Reputation: 15337
In particular, the prefix operators' return-by-reference makes sense to me - it's useful, in case one wants to do further operations on the object.
However, I can't get my head around why the postfix operator was designed to return by value.
Is it solely a convention, or was there a good reason why it was designed this way (like a return-by-value does not make sense for postfix, but makes sense for prefix)?
Can someone explain?
ANSWER
Thanks to the answers below, it appears that the postfix operator doesn't necessarily have to return by value (according to the standards).
However, due to the semantic requirements of the postfix operator (return the original value, but increment the reference to the original value afterwards), in conjunction with the standard requirement of:
Operator overloads are functions, and thus all side effects must take place before the function completes.
as explained clearly by David Rodriguez below, bifurcating the value seems to be a necessary consequence of the semantic requirements.
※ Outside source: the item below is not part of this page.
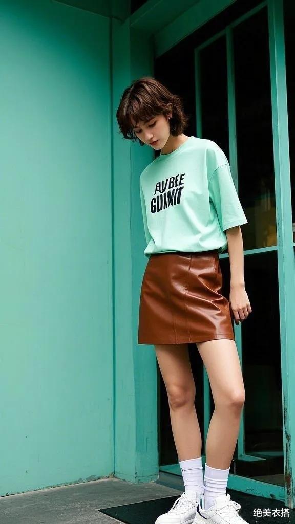 对了,还有鲜薄荷绿T恤+棕色皮裙,又是夏日街头稳妥的时尚素材。鲜活与沉稳碰撞,总能带来意犹未尽的盎然,

In this context, since we are returning the other value (not the original reference, since it will have changed by the closing brace of the function), returning the other value by-value seems to make the most sense.
Upvotes: 7
Views: 2529
Reputation: 208436
Postfix operators are expressions that yield the original value and then modify the object. At the same time, operator overloads are functions, and thus all side effects must take place before the function completes. The only way of attaining the required semantics is by copying the initial state of the object before applying the change. The original state must be returned by value (if a reference was returned, the evaluation of the expression would yield the state of the object after the function completes, and thus would have the semantics of prefix operators, not postfix ones)
Upvotes: 15
Reputation: 800
Sure it was good reason for that. Post increment operator does following things:
There is no way of returning the reference to the 'old value' of variable. It's gone.
Upvotes: 3
Reputation: 474086
The following code is well-defined in C and C++:
int i = 7;
printf("%i\n", i++ + 2);
This will print 9 to the console, while i
will be 8. Guaranteed.
The postfix increment/decrements modify i
, but they return the old value of i
. The only way to do that with an object is to save the current value in a new value, increment yourself, and return the saved value.
Upvotes: 3
Reputation: 206586
It is the convention because a typical implementation of post fix involves creating a temporary object local to the function, while incrementing the originally passed object using the prefix operator and then returning the temporary object. You cannot return a reference to that local object and hence it needs to be returned by value.
You cannot return a reference because the local object is guaranteed to be alive only within the scope of the function and any access to it beyond this scope will result in Undefined Behavior.